Faith was meant to inspire it.
Faith was never meant to replace purpose.
Faith was meant to awaken it.
Faith was never meant to replace truth.
Faith was meant to help us recognize it.
As women, the way we answer life's biggest questions shapes how we lead.
- What is truth?
- How do I know it?
- What is beautiful?
Our answers shape our families, careers, relationships, communities, and the legacy we leave behind.
I no longer ask whether faith is enough.
Instead, I ask what my faith is producing.

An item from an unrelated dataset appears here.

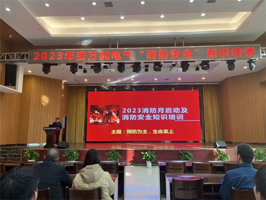 為增強員工消防意識,提高員工突遇火災等緊急情況的處置能力,萬洲電氣專門邀請了樊城區消防救援大隊到公司開展消防知識培訓和救援演練活動,萬洲電氣、云川光電、萬洲機械、襄陽工廠各部門安全員、班組長等近百人參加此次活動。

- Is it making me more courageous?
- More compassionate?
- More willing to serve?
- More committed to living in alignment with my purpose?
- More capable of recognizing beauty beyond appearances and value beyond status?
Because faith that never changes how we live is merely belief.
But faith that helps us seek truth, embrace beauty, love deeply, serve generously, and continue moving forward even when the road is uncertain becomes something far more powerful.
It becomes a way of life.
So wherever you lead — from a kitchen table, a classroom, a hospital, a church, a boardroom, a Parliament chamber, a community organization, or a place of personal rebuilding — be intentional about the answers you carry.
- Know what you believe to be true.
- Know how you determine truth.
- Know what you call beautiful.
Then have the courage to live accordingly.
For in the end, our lives are shaped not only by what we believe, but by what we are willing to build, protect, pursue, and become because of those beliefs.
And perhaps that is what faith was meant to do all along.